# Super Moon Effects?



## King/ling (Mar 9, 2013)

How will the Super Moon affect tomorrows fishing? Planning on making a trip to Pcola Pier tomorrow.


----------



## Hopin4aboat (Jul 5, 2009)

King/ling said:


> How will the Super Moon affect tomorrows fishing? Planning on making a trip to Pcola Pier tomorrow.

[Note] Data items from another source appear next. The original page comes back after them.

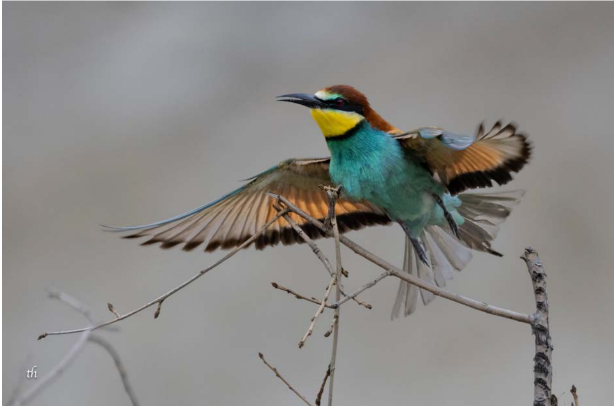
Bienenfresser bei der Landung (Thomas Heim)
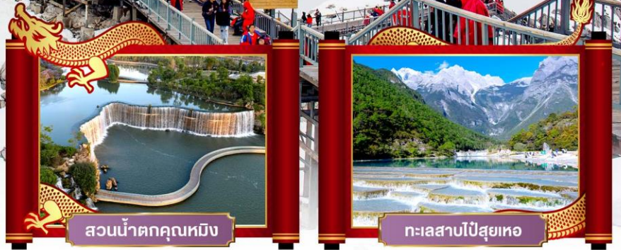
สวนน้ำตกคุณหมิง

พิเศษ! โชว์จางอวี๋ใหม่ "ความประทับใจลี่เจียง"
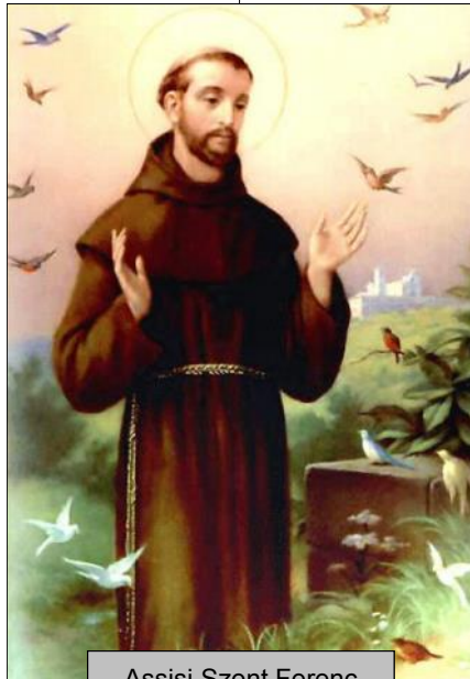
Assisi Szent Ferenc Ünnepe: október 4.

Lehetnek olyan bűnök is, amelyeket elkövetésük idején nem tartottunk bűnnek: például abortusz; házasságon kívüli kapcsolat; lopás; okkult cselekedetek; jóslás stb. – Mivel nem gyóntuk meg, nem is lettek feloldozva, nincsenek elrendezve – valamilyen formában bennünk vannak még mindig. – Azért, mert jó, ha 20-30 évenként összefoglalva újra letesszük életünk botlásait, mielőtt az Úr elé járulunk, ahol mindenről be kell számolnunk; ott lesz majd csak igazi életgyónás! – Itt kell megemlítenünk, hogy milyen nagy kockázatot vállal az az egyén – adott esetben a család is, aki nem él a jószágos Isten által „ingyen” biztosított lehetőséggel! – Halogtatja nem ritka esetben egy életen át a magábaszállást, lelkének felkészítését – sőt lehet, hogy még az utolsó, döntő pillanatban is! – A jól és idejében végzett szentgyónás „ alkalmat ad arra,
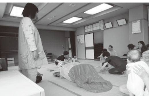
写真は子育てサロンの様子

開催時間：年5回 午前10時～11時半 場所：大慈寺児童センター 対象者：0歳から就学前の子供と保護者 内容：親子でリズム体操、絵本の読み聞かせなど 会費：無料 ※お車でお越しの際は、駐車場スペースが限られておりますのでお近くの駐車場をご利用ください。
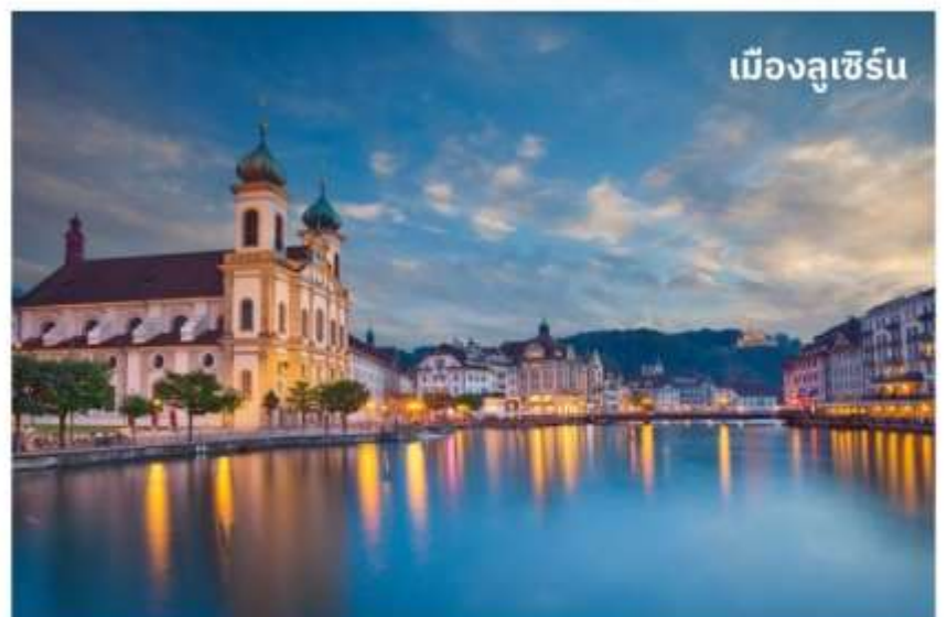
เมืองลูเซิร์น
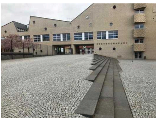
Treppen auf dem Verbindungsweg zwischen Bestehornpark und Stadtpark
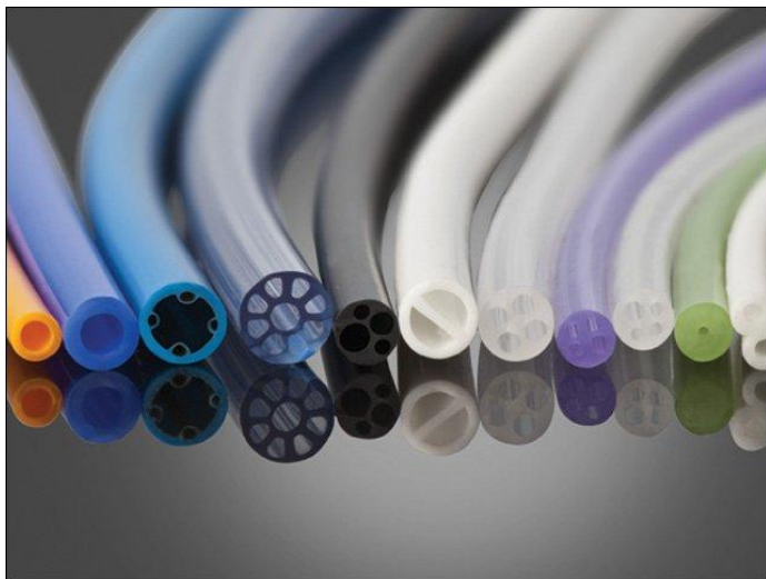
5. ábra Változatok a katétercsövekre

A perisztaltikus szivattyúk csövei lágyak, összenyomás után rugalmasan visszaalakulnak eredeti méreteikre, ellenállnak a koptatásnak és a dinamikus igénybevételnek, anyagukból csak nagyon kevés anyag oldható ki. Katéterekhez viszonylag kemény elasztomerre van szükség, a csövek felületének simaságára ügyelni kell és mikroorganizmusok sem szaporodhatnak rajtuk. Emellett valamennyi orvosi csőre vonatkoznak a következő igények: gyártásuk legyen egyszerű és termelékeny, továbbá legyenek biokompatibilisek, sterilizálhatóak és hegeszthetőek vagy más módon összeépíthetőek más anyagokkal. Az orvosi csövek gyártásakor a megfelelő alapanyagok kiválasztása és a megfelelő forma tervezése a legfontosabb feladat.
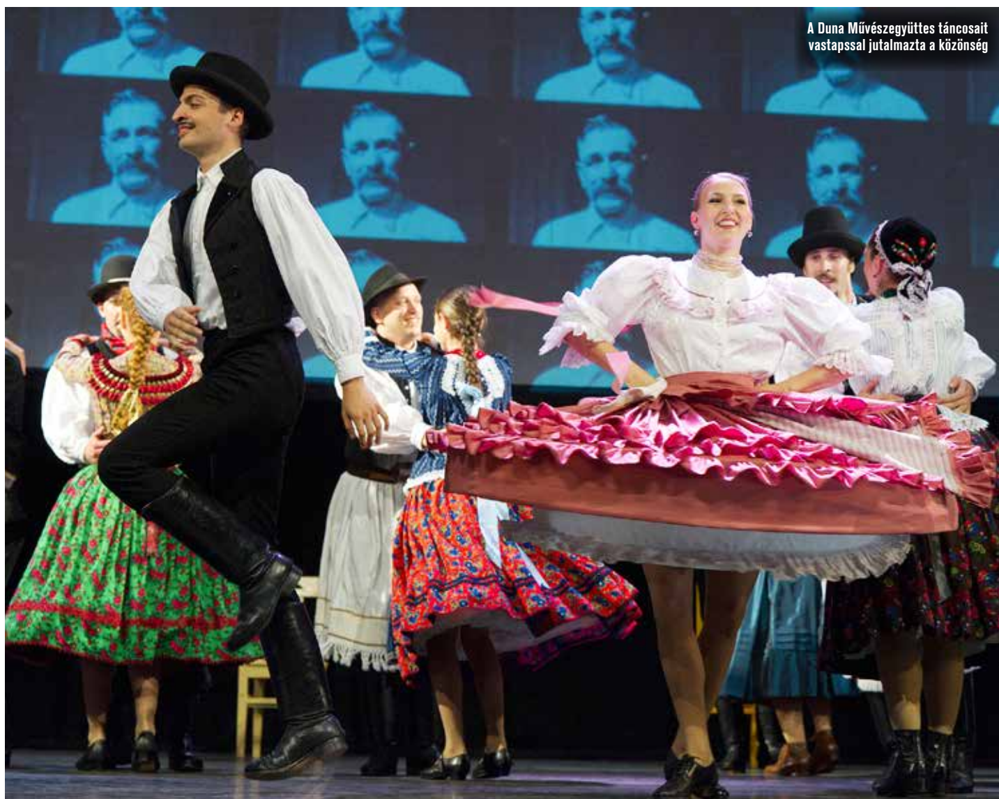
A Duna Művészegyüttes táncosait vastappsal jutalmazta a közönség
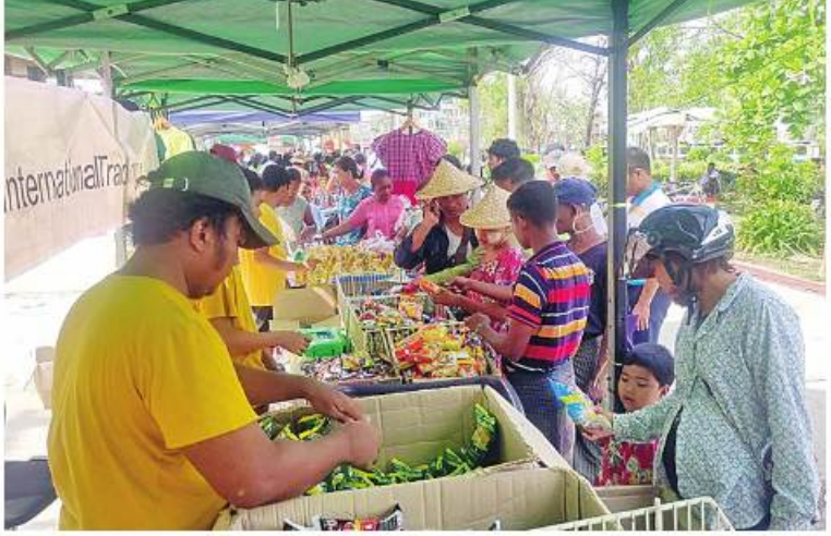
နယ်မြေခံ တပ်မတော်သားများနှင့် တာဝန်ရှိသူများက စစ်တွေမြို့ရှိ မုန်တိုင်းဒဏ်သင့်ပြည်သူများကို ဆန်၊ ဆီ၊ ဆား၊ ကြက်ဥ၊ ဟင်းသီးဟင်းရွက်များနှင့် စားသောက်ကုန်ပစ္စည်းများကို ဈေးနှုန်းသက်သာစွာဖြင့် ရောင်းချပေးစဉ်။

များ၊ ဟင်းသီးဟင်းရွက်များ၊ ကြက်သွန်နီ၊ ကြက်သွန်ဖြူနှင့် တပ်မတော်စက်ရုံများနှင့် မြန်မာစီးပွားရေးကော်ပိုရေးရှင်းတို့မှ ထုတ်လုပ်သည့် ခေါက်ဆွဲခြောက်၊ ဘီစကွတ်နှင့်စည်သွတ်ဘူးများဖြစ်သည့် အမဲသားဘူး၊ မျှစ်စားတော်ပဲဘူး၊ ကြက်သားအားလူးဘူး၊ ငါးတန်အချိုပေါင်းဘူး၊ ငါးသလောက်ဘူး၊ ငါးပိကြော်ဘူး၊ ပဲထောပတ်ဘူး၊ ပဲခရမ်းဘူး၊ သရက်သီးသနပ်ဘူး စသည့် စားသောက်ကုန်ပစ္စည်းများ၊ ပုဂ္ဂလိကလုပ်ငန်းရှင်များ၏ စားကုန်ပစ္စည်းများ၊ လျှပ်စစ်ပစ္စည်းများနှင့် အိမ်ဆောက်ပစ္စည်းများကို ပြင်ပပေါက်ဈေးထက်သာစွာဈေးနှုန်းများဖြင့်ရောင်းချပေး
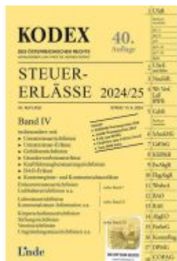
KODEX Steuer-Erlässe 2024/25, Band IV Ladenpreis: 67,00EUR

Wir haben andere Produkte gefunden, die Ihnen gefallen könnten!
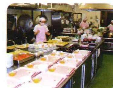
給食 素材を吟味し、当園給食にて調理した 食事を提供しております。
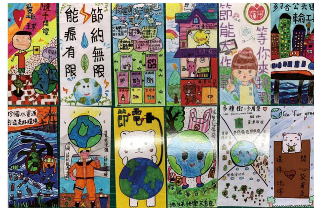
學生創意能源書籤
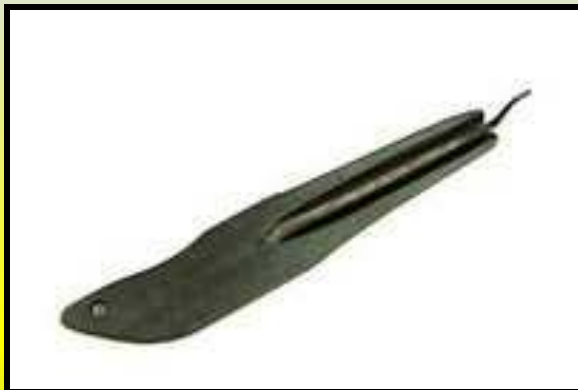
японский бамбуковый бамыр
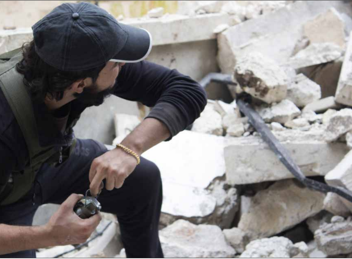
يستعد الجيش السوري للبدء بحسم مسألة مخيم خان الشيخ
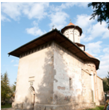
Ι.Ν.Προφήτου Ηλία Χτίστηκε μεταξύ 1 Μαΐου-15 Οκτωβρίου 1488
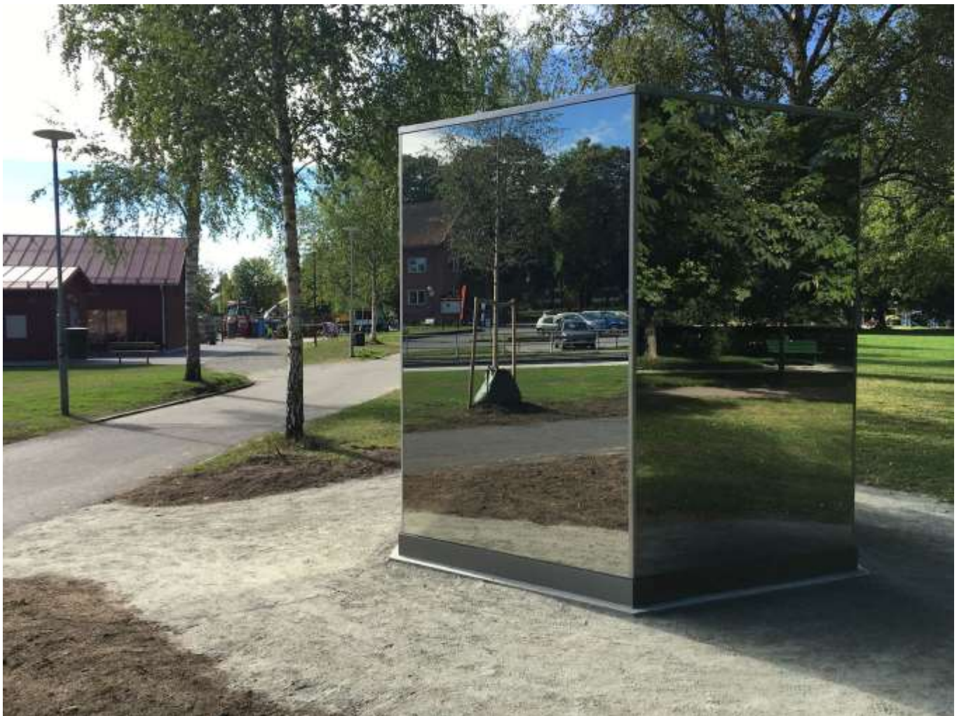
Vara vatten av konstnären Catrin Andersson.

Nyligen invigdes konstverket "Vara vatten" i Sala stadspark. Verket är en del av den ansiktslyftning som stadsparken fått under 2016 med ny entré, nybyggd kafébyggnad och nyanlagd parkering i direkt anslutning till parkområdet.

Was wondering the same thing as I might ride down there tomorrow also


----------



## King/ling (Mar 9, 2013)

I would think that the fishing would be great, but I just wanted to know


----------



## Navarre Pier Rat (Apr 1, 2012)

I was wondering the same thing this morning since we were going out on our boat and the fishing was the worst I've had in a while. We were catching Red Snapper but there wasn't any size to them. We are use to keeping at least 15 pound snapper and up but today it was 16inches for us. We fish out of orange beach and it was the same for several boats and even boats in destin


----------



## hutchlash (Jun 23, 2013)

I want to hit bob sykes or the penscola bay pier - last two trips to the point at pickens were fruitless.


----------



## jmiller2502 (May 31, 2013)

normally when i try to fish anywhere during a full moon i am S.O.L


----------